With python-oracledb, you can create an asynchronous connection to Oracle Database using either standalone connections or pooled connections. (For discussion of synchronous programming, see Connecting to Oracle Database.)

22.1.1.1. Standalone Connections

Standalone connections are useful for applications that need only a single connection to a database.

An asynchronous standalone connection can be created by calling the asynchronous method oracledb.connect_async() which establishes a connection to the database and returns an AsyncConnection Object. Once connections are created, all objects created by these connections follow the asynchronous programming model.

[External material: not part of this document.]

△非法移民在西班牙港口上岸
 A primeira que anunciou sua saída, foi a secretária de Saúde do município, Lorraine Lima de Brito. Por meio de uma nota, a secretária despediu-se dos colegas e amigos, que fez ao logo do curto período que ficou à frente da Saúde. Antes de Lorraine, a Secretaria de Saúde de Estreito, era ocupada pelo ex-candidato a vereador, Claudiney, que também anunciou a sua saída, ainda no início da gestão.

Subject to appropriate use of await for calls that require a round-trip to the database, asynchronous connections are used in the same way that synchronous programs use Standalone Connections.

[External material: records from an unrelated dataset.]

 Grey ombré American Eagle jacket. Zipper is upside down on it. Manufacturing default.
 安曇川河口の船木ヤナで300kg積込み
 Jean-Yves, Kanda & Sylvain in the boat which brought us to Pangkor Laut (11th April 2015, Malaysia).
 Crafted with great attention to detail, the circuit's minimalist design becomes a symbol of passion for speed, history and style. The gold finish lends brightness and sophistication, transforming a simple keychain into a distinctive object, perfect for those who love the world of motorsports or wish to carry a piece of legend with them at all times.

Asynchronous connections should be released when they are no longer needed to ensure Oracle Database gracefully cleans up. A preferred method is to use an asynchronous context manager. For example:

import asyncio
import oracledb

async def main():

    async with oracledb.connect_async(user="hr", password=userpwd,
                                      dsn="localhost/orclpdb") as connection:
        with connection.cursor() as cursor:
            await cursor.execute("select user from dual")
            async for result in cursor:
                print(result)

asyncio.run(main())

This code ensures that once the block is completed, the connection is closed and resources are reclaimed by the database. In addition, any attempt to use the variable connection outside of the block will fail.

If you do not use a context manager, you should explicitly close connections when they are no longer needed, for example:

connection = await oracle.connect_async(user="hr", password=userpwd,
                                        dsn="localhost/orclpdb")

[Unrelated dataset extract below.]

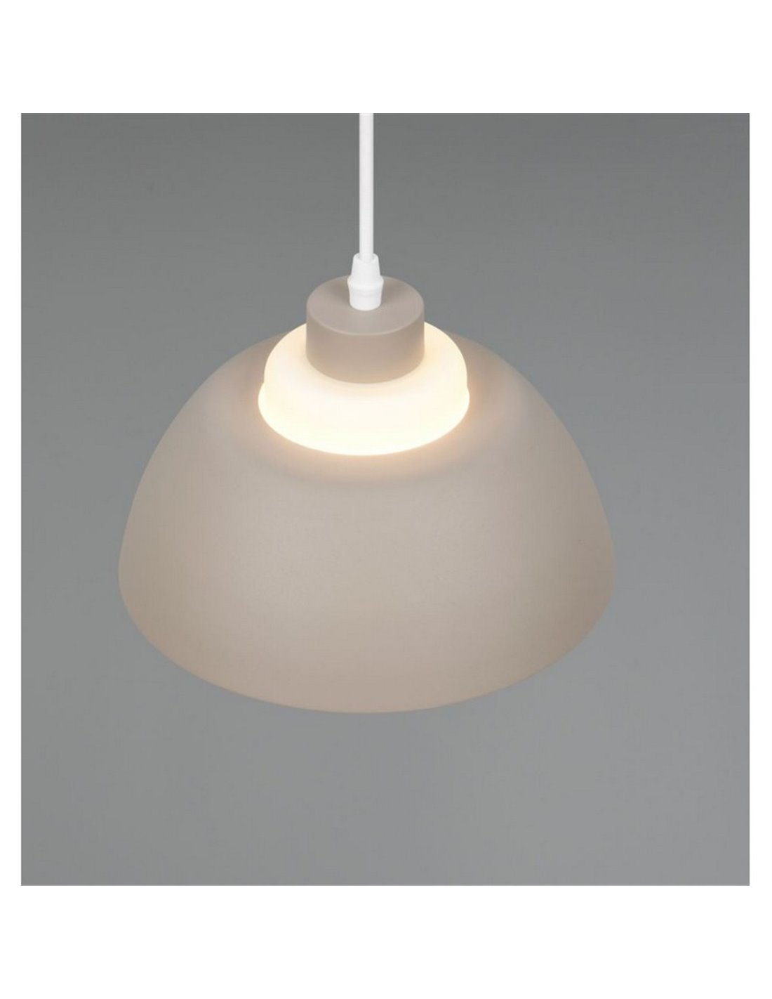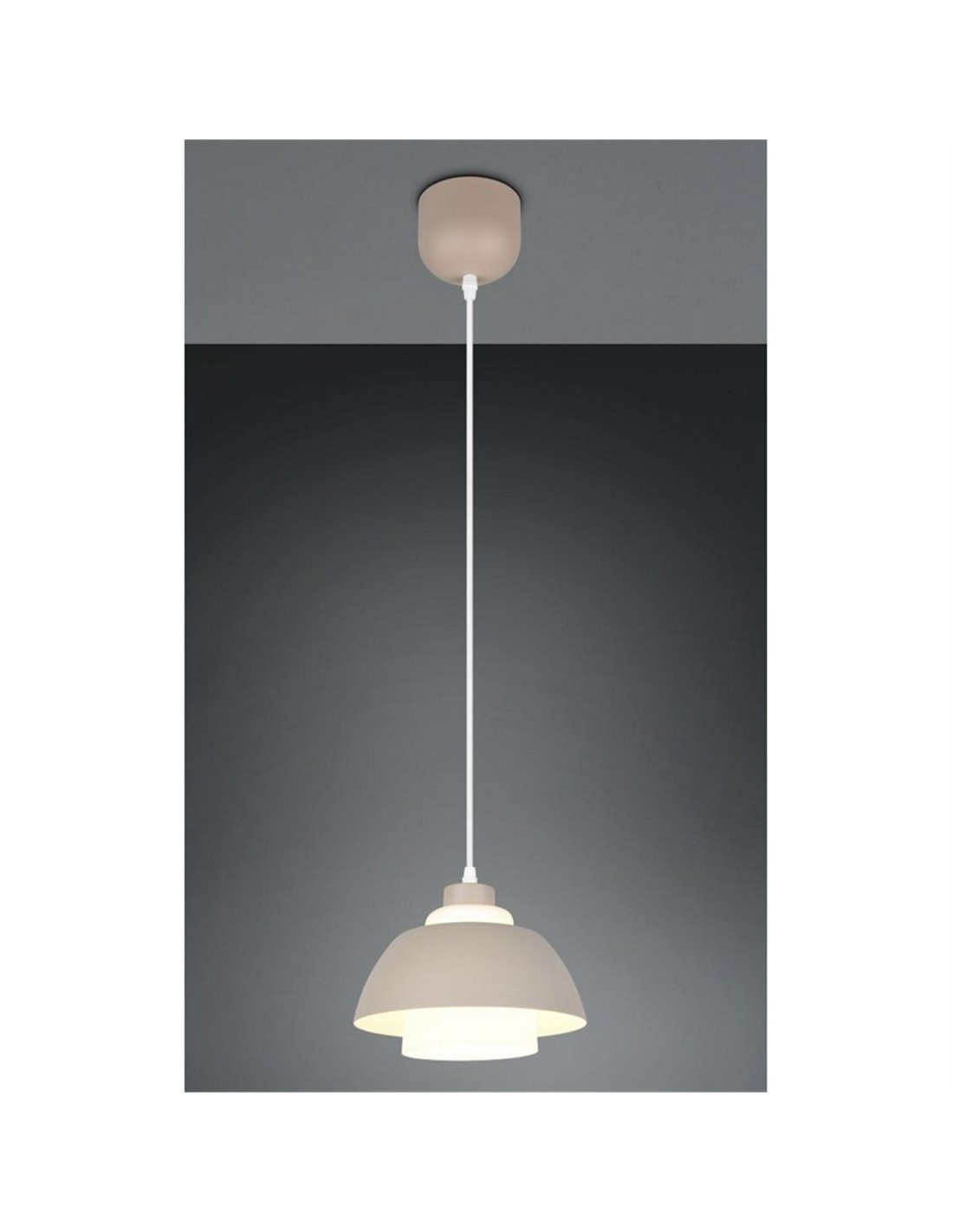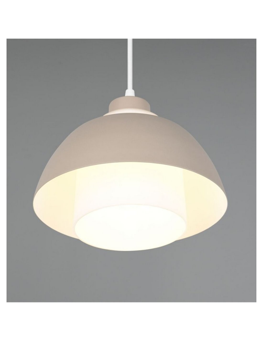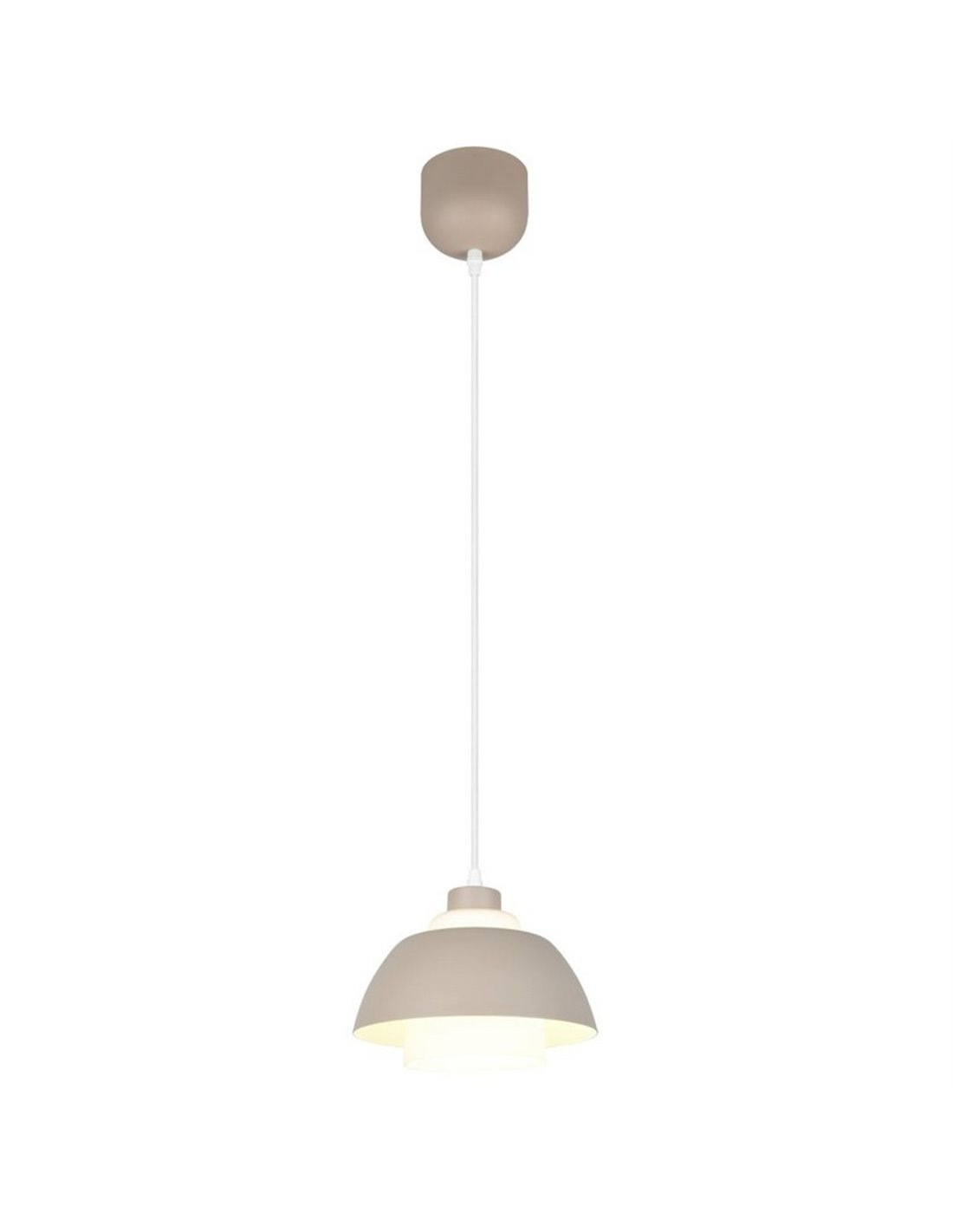 Die hängende TILOS-Lampe kombiniert eine Struktur aus warmbeigem Metall mit einem weißen Glasschirm, der das Licht sanft und ausgewogen verteilt. Sie ist höhenverstellbar und für die Deckenmontage mit Haken geeignet. Sie funktioniert mit 1 E27-Glühbirne (max. 10W, nicht enthalten), ideal zur Schaffung von ambientem Licht in Innenräumen.

cursor = connection.cursor()

await cursor.execute("select user from dual")
async for result in cursor:
    print(result)

cursor.close()
await connection.close()

22.1.1.2. Connection Pools

Connection pooling allows applications to create and maintain a pool of open connections to the database. Connection pooling is important for performance and scalability when applications need to handle a large number of users who do database work for short periods of time but have relatively long periods when the connections are not needed. The high availability features of pools also make small pools useful for applications that want a few connections available for infrequent use and requires them to be immediately usable when acquired.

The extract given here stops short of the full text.